## The task
Only the lines below from the one containing "Couchtisch mit Polyethylenstruktur" through the one containing "- Automatyczne wysuwane" belong in the answer, set down exactly, with the pictures left out.

## Exercise input

======

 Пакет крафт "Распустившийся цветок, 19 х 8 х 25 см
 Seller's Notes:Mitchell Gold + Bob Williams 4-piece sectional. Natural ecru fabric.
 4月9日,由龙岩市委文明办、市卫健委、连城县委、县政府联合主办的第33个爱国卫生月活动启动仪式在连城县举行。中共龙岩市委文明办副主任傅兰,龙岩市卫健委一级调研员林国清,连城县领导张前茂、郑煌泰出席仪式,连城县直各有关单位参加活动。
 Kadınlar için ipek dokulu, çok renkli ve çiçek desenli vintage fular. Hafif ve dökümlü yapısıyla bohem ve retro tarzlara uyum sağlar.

======

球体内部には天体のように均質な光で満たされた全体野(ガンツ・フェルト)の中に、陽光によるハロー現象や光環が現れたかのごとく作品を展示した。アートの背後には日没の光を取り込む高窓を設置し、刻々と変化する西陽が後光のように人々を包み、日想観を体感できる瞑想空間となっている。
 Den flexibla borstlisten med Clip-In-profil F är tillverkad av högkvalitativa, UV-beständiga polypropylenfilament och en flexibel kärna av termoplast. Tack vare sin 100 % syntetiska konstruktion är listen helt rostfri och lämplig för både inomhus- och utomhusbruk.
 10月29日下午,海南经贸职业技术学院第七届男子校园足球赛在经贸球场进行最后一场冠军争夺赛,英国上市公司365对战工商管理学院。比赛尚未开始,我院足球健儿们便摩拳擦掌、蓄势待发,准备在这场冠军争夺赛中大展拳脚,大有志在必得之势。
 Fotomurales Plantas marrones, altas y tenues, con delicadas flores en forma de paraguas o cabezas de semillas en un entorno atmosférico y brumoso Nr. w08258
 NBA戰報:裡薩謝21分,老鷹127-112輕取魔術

======

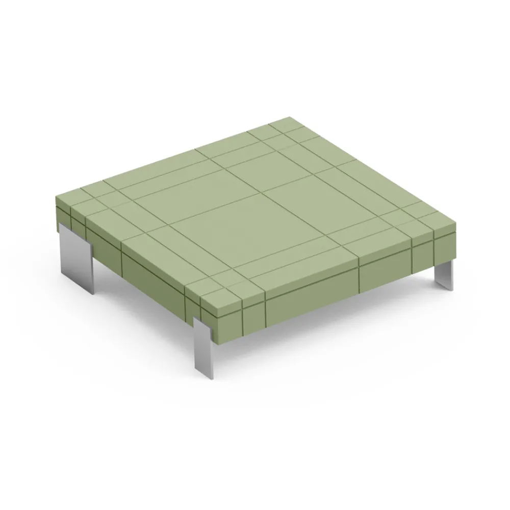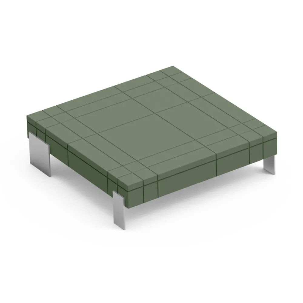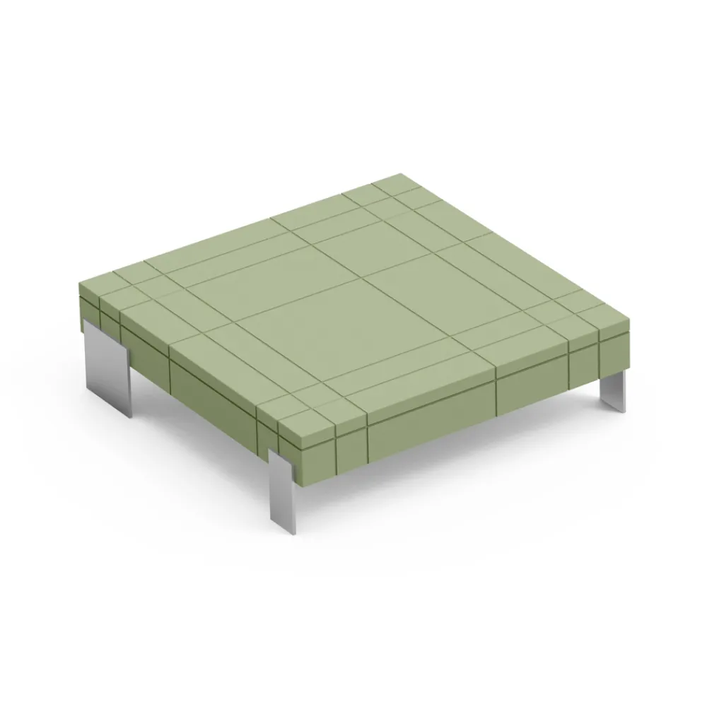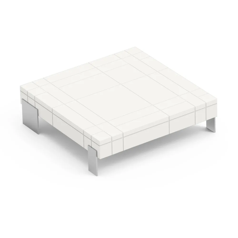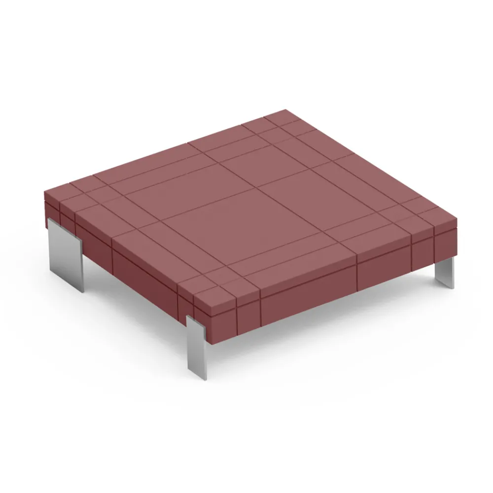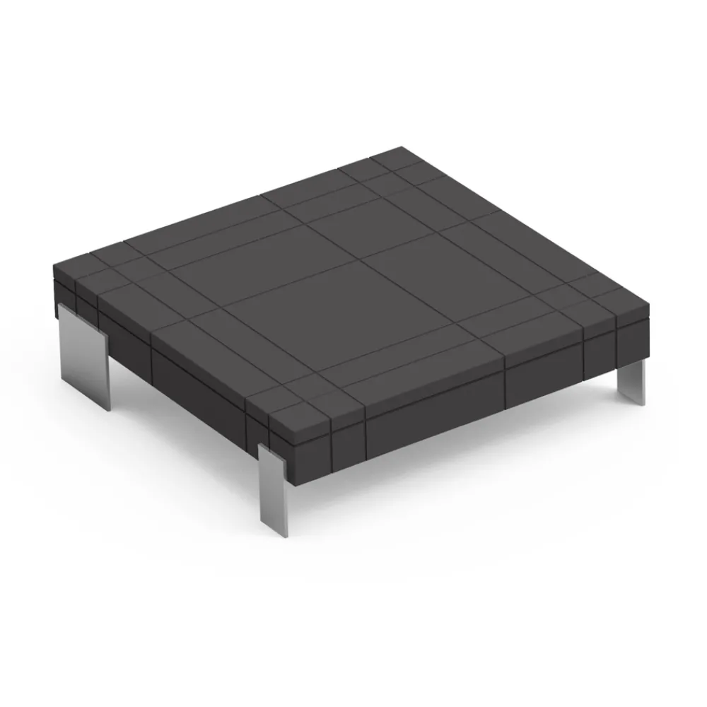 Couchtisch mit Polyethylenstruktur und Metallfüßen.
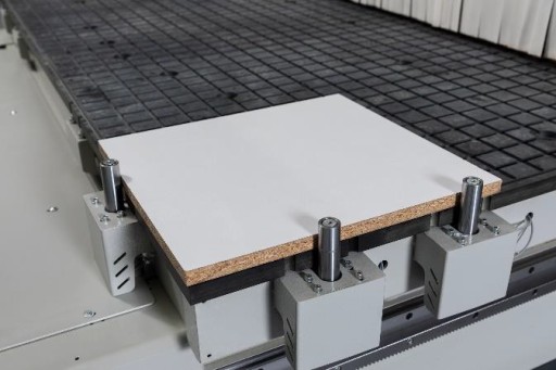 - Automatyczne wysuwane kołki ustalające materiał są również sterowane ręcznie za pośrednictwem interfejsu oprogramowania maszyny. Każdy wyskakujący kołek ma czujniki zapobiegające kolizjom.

======

## Response to the exercise
 Couchtisch mit Polyethylenstruktur und Metallfüßen.
 - Automatyczne wysuwane kołki ustalające materiał są również sterowane ręcznie za pośrednictwem interfejsu oprogramowania maszyny. Każdy wyskakujący kołek ma czujniki zapobiegające kolizjom.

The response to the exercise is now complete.